Затем Сталин подчеркнул часть цитаты Энгельса из его письма 1890 года к Блоху: «Экономическое положение — это основа, но на ход исторической борьбы оказывают влияние, во многих случаях определяют преимущественно форму ее, различные моменты надстройки»[357]. И наконец, еще один хорошо известный тезис Энгельса в интерпретации учеников из «школы Марра»: «В противном случае применять теорию к любому историческому периоду было бы легче, чем решать самое простое уравнение первой степени». И как пример абсолютной нелепости Энгельс приводит желание объяснить экономически (как ясно из контекста, из экономики современной Энгельсу Германии) «то передвижение согласных, которое делит Германию в отношении диалектов на две половины».[358] Большая часть из этих цитат будет так или иначе приведена и в работе Сталина, но для доказательства прямо противоположных истин. Сталин внимательнейшим образом прочитал все цитаты из произведений Лафарга и своих собственных и даже подчеркнул слова из одной своей речи на XVI съезде партии, приведенной в разделе «Языковая политика»[359]. В процессе дискуссии ему придется не только полемизировать с Лафаргом, но и с теми, кто привык за долгие годы видеть рядом с цитатами Марра цитаты самого вождя. В самом конце статьи из БСЭ Сталин взял на вооружение набивший оскомину к 50-м годам стереотип сталинской пропаганды середины 30-х годов:

«Очередные задачи марксистской лингвистики. Поэтому на текущем этапе социалистического строительства перед советскими лингвистами-марксистами, наряду с проверкой и углубленной разработкой системы марксистского языкознания, наряду с развертыванием борьбы на два фронта — против идеализма и против механицизма — в качестве еще более важной задачи стоит преодоление одной из худших традиций науки о Я. — отрыва теории от практики»[360]. Мы уже встречали эту «формулу» в записке Чарквиани, вскоре ее будут воспроизводить многочисленные критики марризма на страницах газет и других изданий.

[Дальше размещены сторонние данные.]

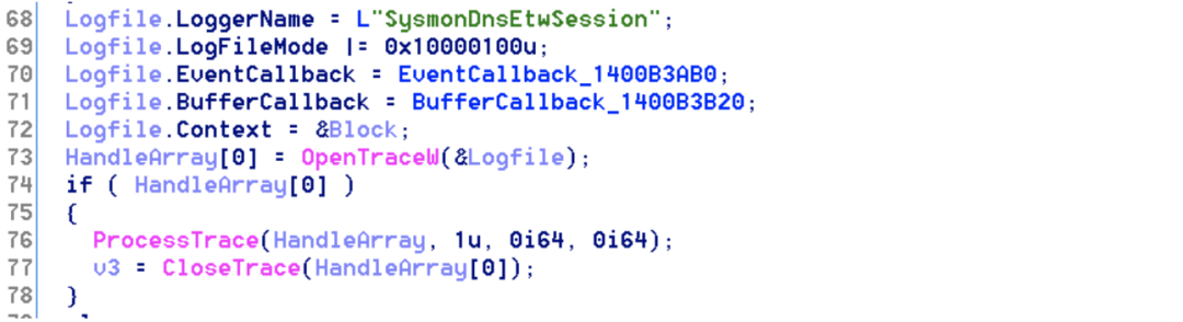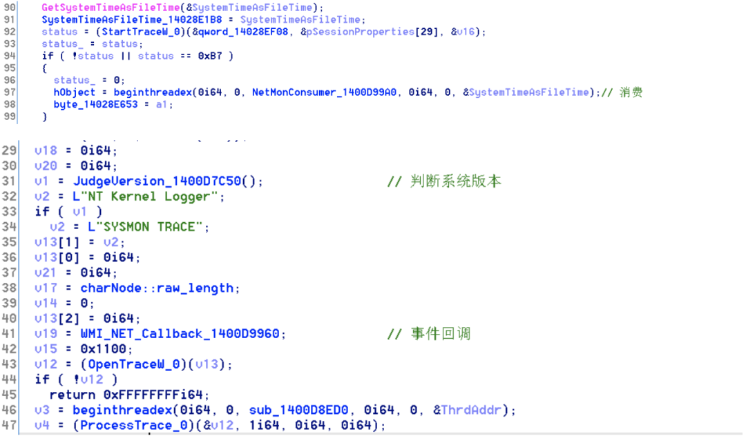 接着新建线程调用OpenTrace()打开事件通道,对指定LOGGER_NAME的Etw进行解析:

Судя по тексту языковедческих работ Сталина, он не ограничился просмотром только шестьдесят пятого тома БСЭ. Скорее всего, он так же полистал статьи, посвященные грамматике, фонетики, семантике и некоторым другим вопросам языкознания. Но в современном архиве Сталина нет других томов БСЭ. Несколько томов БСЭ сохранилось среди остатков его библиотеки, и они ждут своего исследователя[361].

Лингвистический «заговор» Сталина

Ознакомившись с материалами, переданными от имени Чарквиани и с дополнительной литературой, Сталин вызвал его в Москву вместе с Чикобавой и членами правительства Грузии. О том, что произошло в сталинской резиденции в Кунцеве, поведал сам Чикобава: «В начале апреля 1950 г. меня предупредили из директивного органа нашей республики, что на днях мне предстоит поездка в Москву: „Вопросы языкознания будут там обсуждаться с секретарями ЦК, и Вам следует подготовиться“.

И вот 10 апреля вечером мы (Первый секретарь К. Чарквиани, Председатель Совета Министров Республики, два министра и я) оказались в Москве на даче И. Сталина.

Обсудили лишь вопросы языка: замечания Сталина о „Толковом словаре грузинского языка“ (первый том которого перед тем вышел) и вопрос о „Новом учении“ Н. Марра…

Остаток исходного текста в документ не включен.